Abstract: Leafy spurge (Euphorbia esula L.) has substantial negative effects on grassland biodiversity, productivity, and economic benefit in North America. To predict these negative impacts, we need an appropriate plant-spread model which can simulate the response of an invading population to different control strategies. In this study, using a stochastic map lattice approach we generated a spatially explicitly stochastic process-based model to simulate dispersal trajectories of leafy spurge under various control scenarios. The model integrated dispersal curve, propagule pressure, and population growth of leafy spurge at local and short-temporal scales to capture spread features of leafy spurge at large spatial and long-temporal scales. Our results suggested that narrow-, medium-, and fat-tailed kernels did not differ in their ability to predict spread, in contrast to previous works. For all kernels, Allee effects were significantly present and could explain the lag phase (three decades) before leafy spurge spread accelerated. When simulating from the initial stage of introduction, Allee effects were critical in predicting spread rate of leafy spurge, because the prediction could be seriously affected by the low density period of leafy spurge community.

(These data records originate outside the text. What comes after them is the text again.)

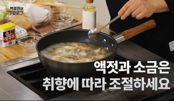 물이 끓기 시작하면 떡과 만두를 넣어주세요. 간 마늘 1큰술을 넣고, 소금과 액젓으로 입맛에 맞게 간을 조절해요. 대파는 함께 넣어 끓이거나, 마지막에 고명으로 올려줘도 좋아요.
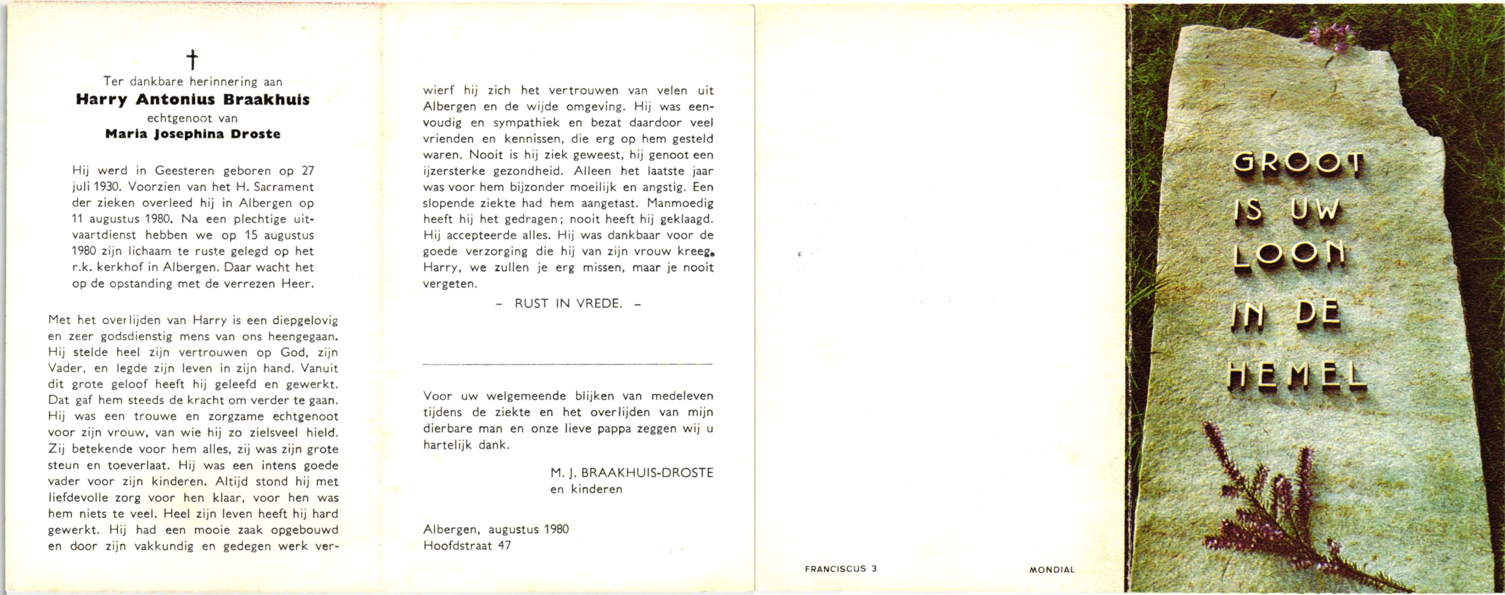 BRAAKHUIS, , Harry Antonius, geboren op 27-7-1930 te Geesteren, overleden op 11-8-1980 te Albergen op 50-jarige leeftijd, begraven op 15-8-1980 te Albergen.
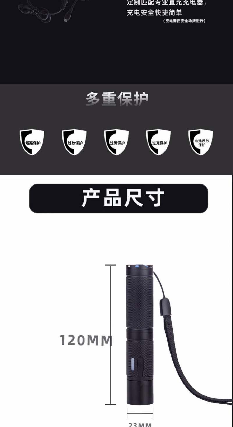 11、應急功能:燈頭採用攻擊尖端,緊急情況時可用於擊碎玻璃逃生用,具有防滾動功能。
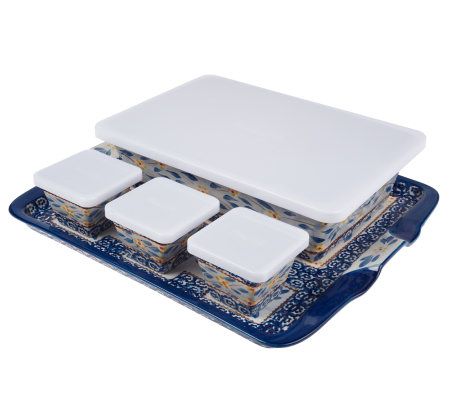 Veggies and dips, chips and salsas, bread and butters--this serving set is an easy and beautiful way to present your favorites at your next gathering. Each piece is vibrantly handpainted in an old world-style pattern that's sure to garner rave reviews. Best of all, the set's ceramic design lets you prep, cook, store, and serve all in the same dish. From Temp-tations(R) Ovenware.
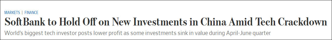 據報道,中國監管機構4月對阿里巴巴處以創紀錄的反壟斷罰款後,阿里的股價自今年2月的高點下跌了近30%。軟銀還是中國網約車巨頭滴滴的最大投資者,滴滴於7月因數據安全問題被處罰後,該公司的股價比在紐交所IPO時的價格低了三分之一。

No Allee effects models were not able to simulate spread rate well in this circumstance. When applying control strategies to the current distribution, Allee effects could stop the spread of leafy spurge; no Allee effects models, however, were able to slow but not stop the spread. The presence of Allee effects had significant ramifications on the efficiencies of control strategies. For both Allee and no Allee effects models, the later that control strategies were implemented, the more effort had to be input to achieve similar control results.

Key words: Allee effects, dispersal curve, invasive species, non-indigenous, propagule pressure, stochastic process-based model.